Our devices are getting ever more connected. They are the ultimate spying equipment that Q of Bond movies could have only dreamed of.
Sloppy coding can breach your firewall and privacy for years without most of the users ever knowing it. The device is smart enough to leak your information but not clever enough to stop it independently.
A smart company needs to think closely what they actually want to achieve. Some of the things are easier to change yet others are more one-way streets with a lot of hardship involved to reverse the course.
The forming years of a startup define many of the things that are hard to change later. They may seem like minor issues or non-priorities when so many big pressing matters call for immediate action.
Yet, the silent ones can be either fatal or at least heavy hitting issues later on. My top favourites are business model, culture and people.
Companies’ business models say cloud and clear what they are really doing. It’s hard to deny something that is a necessity for your revenues. Google and Facebook are examples where you, the user, are the product. They are information hungry for a very good reason. It’s the money making machine.
In comparison, Apple is primarily profiting from selling devices and hence there is more credible claim of aligning with user privacy and letting users be in control of their information.
The tide is changing from centralised top-down hierarchy of data collection to user powered and controlled decentralised model. People are getting wearier of data breaches and the leaks can have dire consequences due to cheaper data mining, mass handling and surveillance.
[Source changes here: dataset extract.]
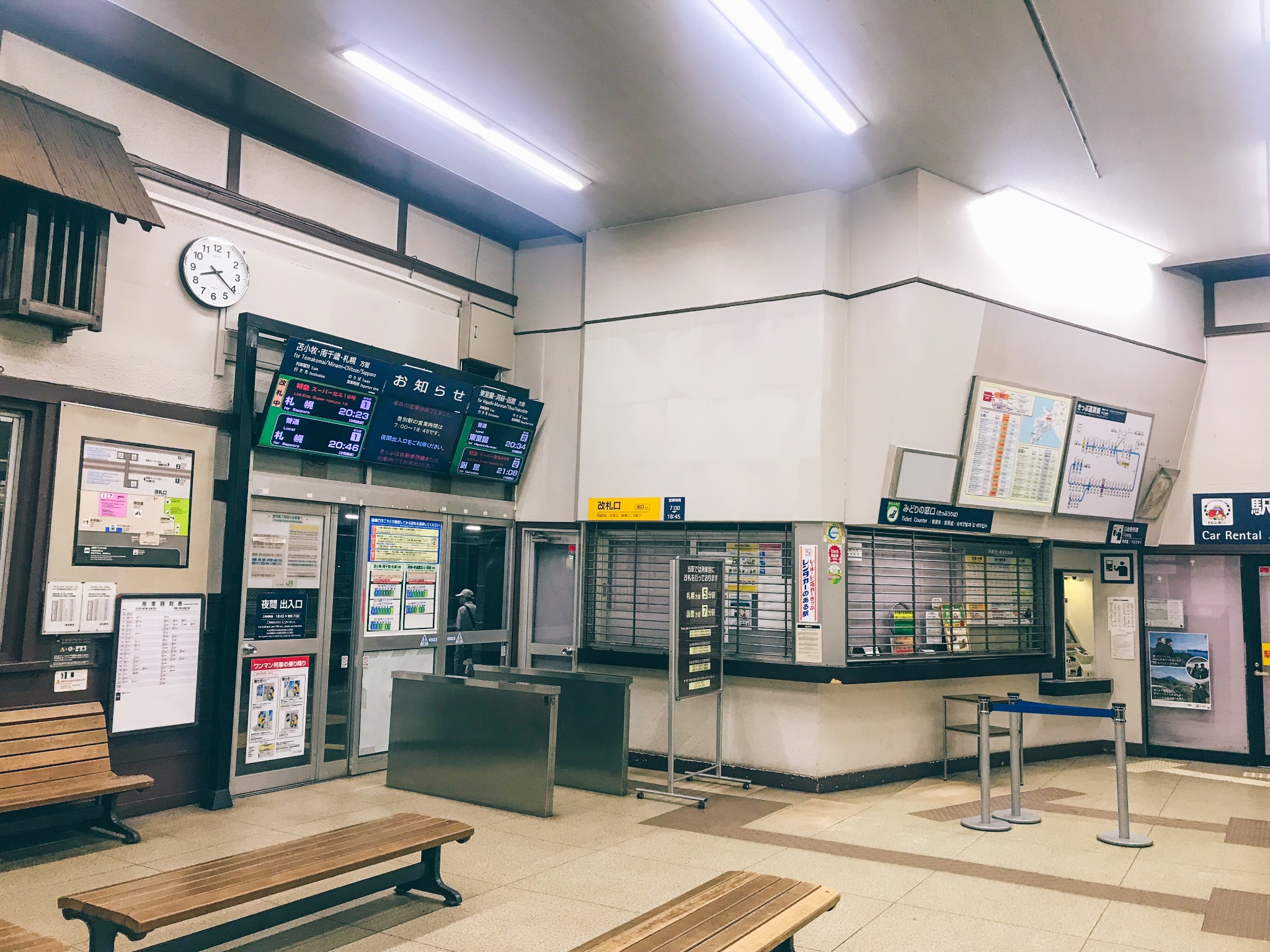 整个登别车站也特别的小巧,工作人员全都已经下班了,自己推开门出站就行了。

Culture is something that happens anyways. You have a culture whether you consciously are aware of it or not. Often, the first people in a company define by their own actions and values the way things are done in the future. Culture eats strategy for breakfast. Once something is a habit it’s difficult to change it.
Nice statements have very little relevance if your performance goals and required results conflict them. Incentive structures are powerful tools that shape your culture, for better or worse.
This leads to the most crucial component: the people. Values and integrity define the outcomes. If you have a culture where long-term business relationship with clients is of upmost important it shows in the user experience and quality of the products. And all these start and end with your people.
If they are not comfortable with your business model or culture it will show. What does it tell about your company and your products if the very people who are building them are distancing themselves by stating that they are not actually using them to keep their credibility? I’m just working there. It’s just my job.
Building trust takes time but losing it can be done in seconds.
Showing love to the customer is good way to earn their respect and loyalty. A good quality product oozes trust and care. It is a delight to discover new features in products that you have already used for years beforehand. It tells someone has paid attention to details and thought about you, the end-user.
Being smart involves the why question in the beginning. Why are we doing what we are doing? This links to the other important question: Who’s really our customer (that pays our bills)? It may not be the one actually using our products.
Ambiguity on these two points tends to lead to confusion and conflicts later on. This is the business model issue: It’s hard to serve two masters.
Your business model and culture attract certain type of people. And they define the quality of your offerings and customer experience. This is where the short term meets the long-term, and your profits as well.
There are so many ways to be smart. What is yours?